__TASK DIRECTIONS__. Pictures excluded, please retype exactly the lines from the start of the data through the line that contains "- Evangelical Lutheran", both ends kept, and nothing beyond them.

** Opening DATA RECORDS block **

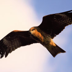 全長約60㎝。全体的に茶色で尾羽の中央が凹んでいるのが特徴です。水辺から山地まで様々な場所で生活し、三番瀬でも風に乗って空を漂う様子が見られます。主に屍肉を食べます。
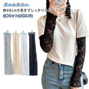 2組セット(4枚入り)約45cmの長さでしっかりカバー!アームカバー傷跡・タトゥー・色ムラなどをさりげなく隠しながら、上品で可憐なレースデザインが女性らしさを演出。夏の紫外線からしっかりガード。通勤・買い物・ドライブなど、日差
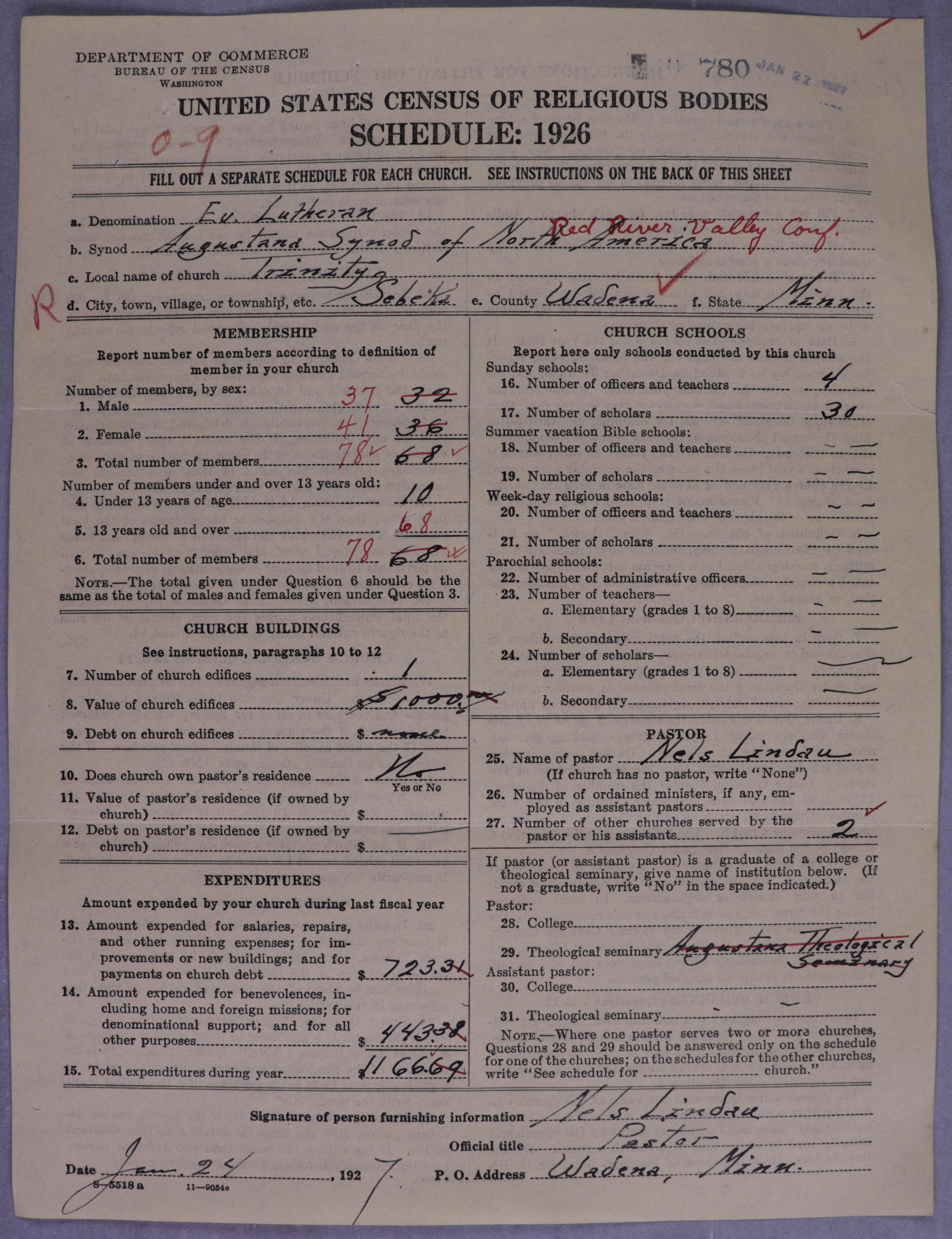 - Evangelical Lutheran Augustana Synod of North America: 780
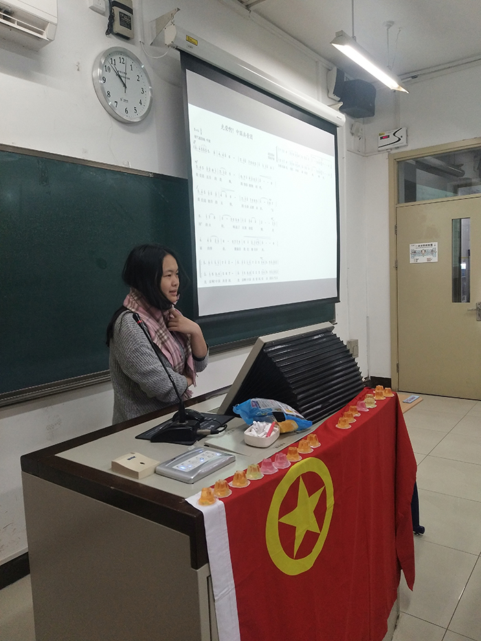 12月8日上午9:30,为弘扬社会主义价值观和改革开放精神,爱爱啦 2017级本科生1班在教二102进行了主题为“我与社会主义核心价值观”的班会和主题为“回首故往,展望未来”的团日活动,共20余名同学参加了此次活动。 班会由班长刘峻良主持。首先,由12位同学分享了9个主题的内容,分别是: ①刘峻良:(民主、平等)美国的选举制度和他对平等的理解,以及制度外歧视。 ②李伊凡、杜沁儿、卢莉:(文明)个人文明:关系日常小事,与每个人相关,人民要一起创造好的社会风气。城市文明:海南海口城市“双创”前后的感受。对文明的体会:文明的具体内涵。 ③魏怡冉、杨格晴:(诚信)建立社会诚信体制和学术诚信。 ④殷艺格:(友善)从六个方面展开,自卑与超越。 ⑤张嘉恬:(和谐)讲了自己和两个不同的外卖小哥的故事,深刻见理。 ⑥白昌林、耿攀:(自由)什么是自由?为什么以及怎么追求自由? ⑦周楚皓:(敬业)办公室主任从自己的实例出发,现身说法。 ⑧曾晓晓:(法治、公正)联系了自由和平等,结合说明了自己对法治和公正的见解。 ⑨曲唱:(富强、爱国)富强包括物质富强和精神富强,爱国要理性爱国,从重大灾难入手去理解爱国。
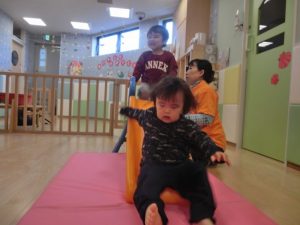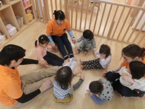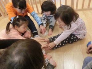 次は、手を繋いでみんなで足を合わせお花の形なって座ろう!
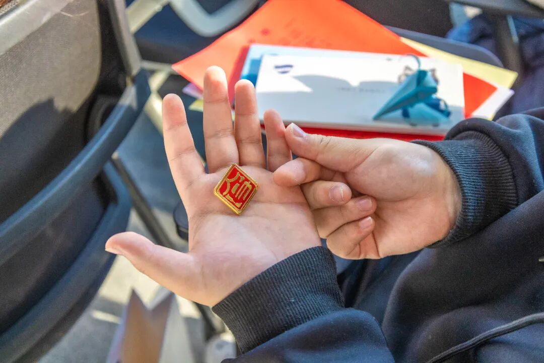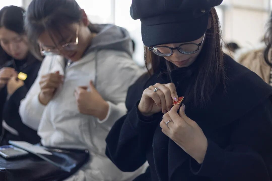 同学们在隋云婷师姐的示范下佩戴上了崭新的院徽。
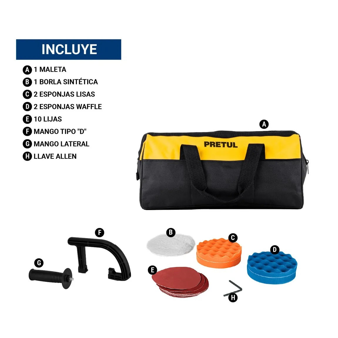 Pulidora Rotativa PRETUL 7 Pulgadas 1200W Profesional - Elimina Rayones y Restaura Brillo en Autos, Metales y Plásticos - Motor Potente con Velocidad Variable - PULA-7P

** Closing DATA RECORDS block **

__PROBLEM SOLUTION__.
 全長約60㎝。全体的に茶色で尾羽の中央が凹んでいるのが特徴です。水辺から山地まで様々な場所で生活し、三番瀬でも風に乗って空を漂う様子が見られます。主に屍肉を食べます。
 2組セット(4枚入り)約45cmの長さでしっかりカバー!アームカバー傷跡・タトゥー・色ムラなどをさりげなく隠しながら、上品で可憐なレースデザインが女性らしさを演出。夏の紫外線からしっかりガード。通勤・買い物・ドライブなど、日差
 - Evangelical Lutheran Augustana Synod of North America: 780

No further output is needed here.